I'm not saying that FIRST contains consecutive hours of boredom, but out of a typical 8 hour day full of matches, 5-6 hours of it is down time. In addition, some of the matches just aren't that interesting. Besides that, I don't think that there's anything in the world that is interesting enough for people to sit and watch for 8 hours in one block - people have things to do.

I bet that you can take an entire regional and edit it into about 1 - 1.5 hours of exciting television. If FIRST becomes popular enough, the show could air on Sunday - the day after the event. I don't ever see FIRST going live for an entire event - MAYBE the final 4 at the Championship, but that's it.
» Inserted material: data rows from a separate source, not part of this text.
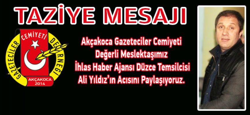 Değerli meslektaşımız İhlas Haber Ajansı Düzce temsilcisi Ali Yıldız’ın babası geçirdiği rahatsızlık nedeniyle hayatını kaybettiği haberini aldık değerli meslektaşımız Yıldız’ın acısını paylaşıyoruz.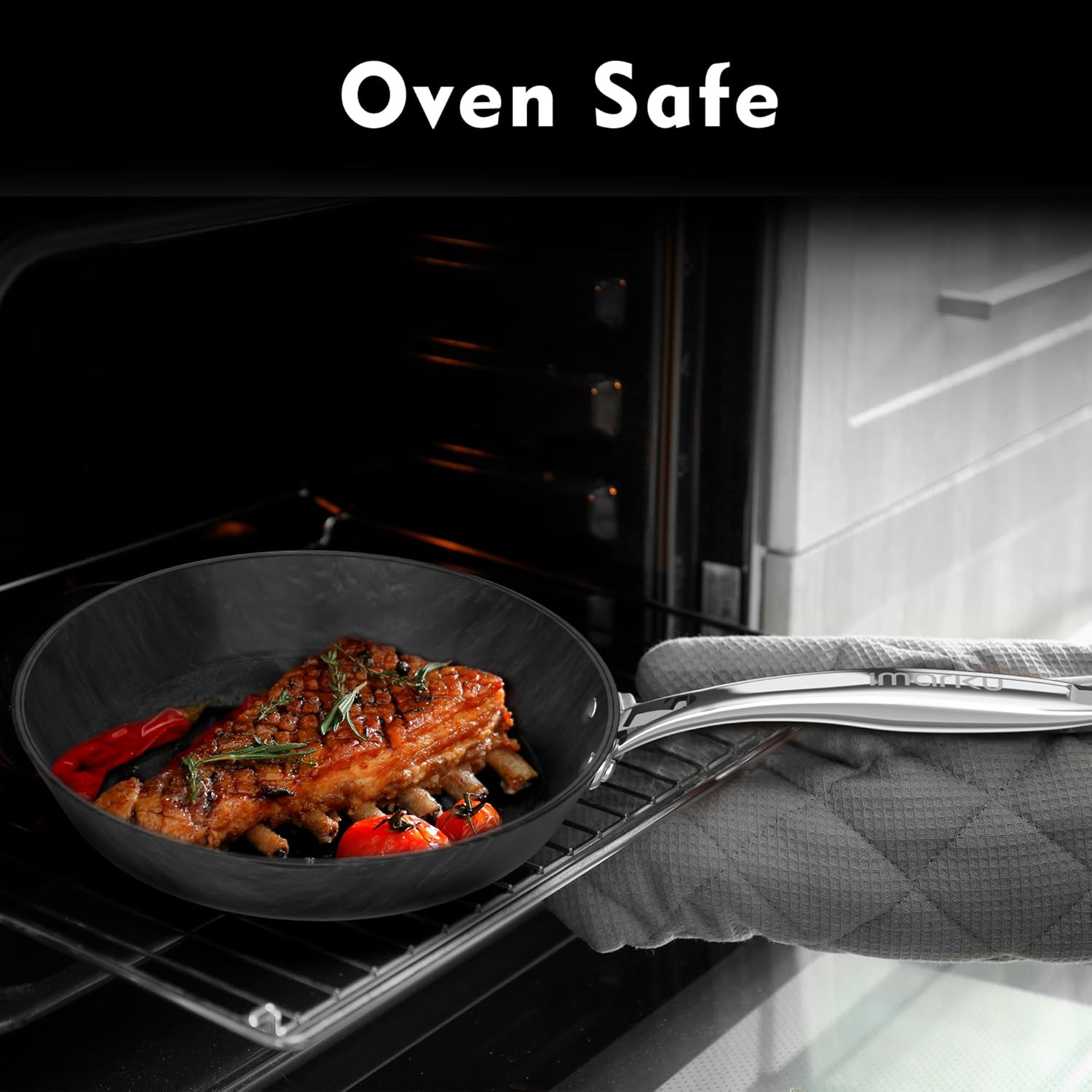 • OVEN SAFE: Cook with confidence as the nonstick frying pans can safely withstand temperatures up to 464°F. Oven-safe up to 320 degrees F. The ability to heat evenly in the oven and not easily deformed makes the food baked in the nonstick pan even more delicious! GREAT GIFT AND TRUSTWORTHY: imarku is dedicate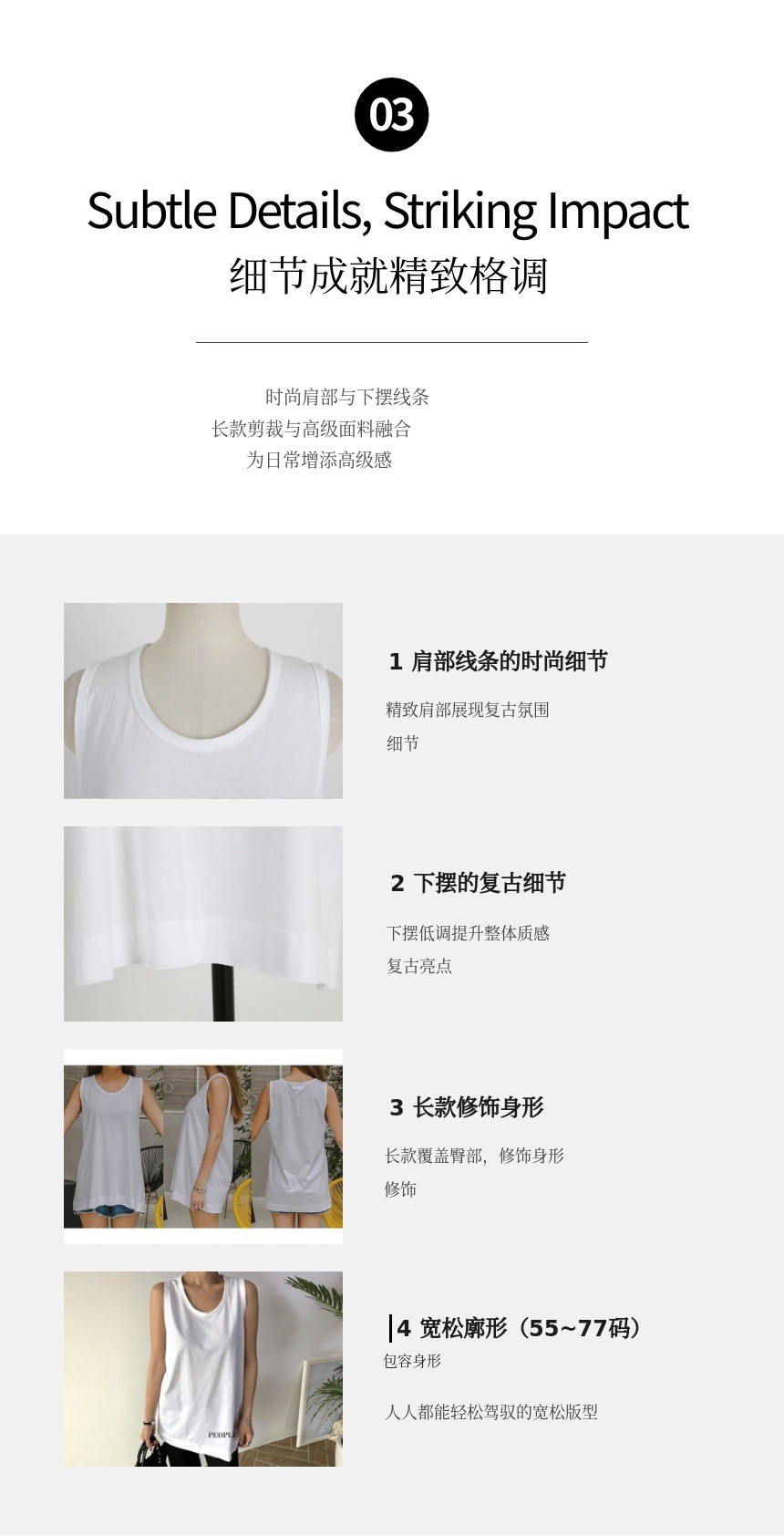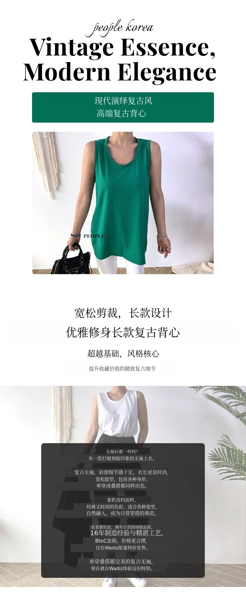 1. 👗 复古感高级背心 - 现代诠释优雅复古风格背心 2. ✨ 宽松版型与长款设计 - 自然修饰多种体型 3. 🎁 限量特价优惠 - 平台独家限量合理价格

This was exactly my thought when combining FIRST with TV. To the competitors, it's exciting to watch your team's hard work come to fruitation by fielding a robot and having it compete. To the average person who has no idea what goes into building a robot, or what the spirit of FIRST is, the competition looks like 8 hours of repetitive motion. It's not even so much that the matches are boring to watch, but more that people watching the same type of game over and over and over again tend to become disinterested after a period of time. Robots come on the field, move around, shoot some balls, move off the field, rinse, repeat. It's interesting for the first few matches while the concept of the game sinks in, but after watching 20 or so matches in a row, it does get repetitive. This is especially true if an outsider doesn't have a team to relate to. Take a sport like baseball for example- most people interested in baseball have a favorite team, like the Red Sox, or Yankees, and have favorite players on each team, like Manny Ramirez, or Derek Jeter. People can watch a full 9 innings of baseball because they have a team to root for, and their team/players are out there for all 9 innings. In a FIRST competition, even if a spectator has a favorite team, that team will only be competing in 8 or 9 out of around 100ish matches. The rest of the 90ish matches won't hold as much meaning or interest, and combined with the repetition of the game, can easily become boring to the average TV watching person.
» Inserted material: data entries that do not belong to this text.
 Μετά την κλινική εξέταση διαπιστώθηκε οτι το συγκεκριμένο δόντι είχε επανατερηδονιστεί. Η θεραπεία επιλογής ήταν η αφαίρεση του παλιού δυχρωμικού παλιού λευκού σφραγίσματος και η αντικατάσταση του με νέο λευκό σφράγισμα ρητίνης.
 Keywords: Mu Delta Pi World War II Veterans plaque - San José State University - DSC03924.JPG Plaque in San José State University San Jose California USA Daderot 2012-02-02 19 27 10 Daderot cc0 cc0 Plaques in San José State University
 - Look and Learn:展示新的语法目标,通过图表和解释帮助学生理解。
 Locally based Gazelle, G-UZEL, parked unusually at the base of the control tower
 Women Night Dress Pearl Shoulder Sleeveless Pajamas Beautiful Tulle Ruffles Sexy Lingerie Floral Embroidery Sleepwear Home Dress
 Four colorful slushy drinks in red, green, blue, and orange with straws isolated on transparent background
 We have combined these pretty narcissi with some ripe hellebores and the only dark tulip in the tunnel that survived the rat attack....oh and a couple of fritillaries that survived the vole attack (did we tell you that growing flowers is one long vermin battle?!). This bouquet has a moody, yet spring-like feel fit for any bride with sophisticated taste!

I think the solution is like many have already posted in this thread- put together an edited show documenting the trials of one or a few individual teams throughout the build season (Discovery Channel did this for some teams in the 2004 season, details in this thread ), and finish it up with highlights from the team's performance at the competitions. This will generate interest in how the robots come to be, give the spectators some attachment to the featured team, and as a result give the viewers someone to root for when watching video of the competition itself. All the while, it may encourage people who otherwise wouldn't have known about FIRST to seek out teams in their area and offer whatever assistance they can. Accomplish that, and it may help make Dean's dream of a FIRST team in every high school a reality, once enough people see what's involved in working with a team and realize they can easily become a part of it.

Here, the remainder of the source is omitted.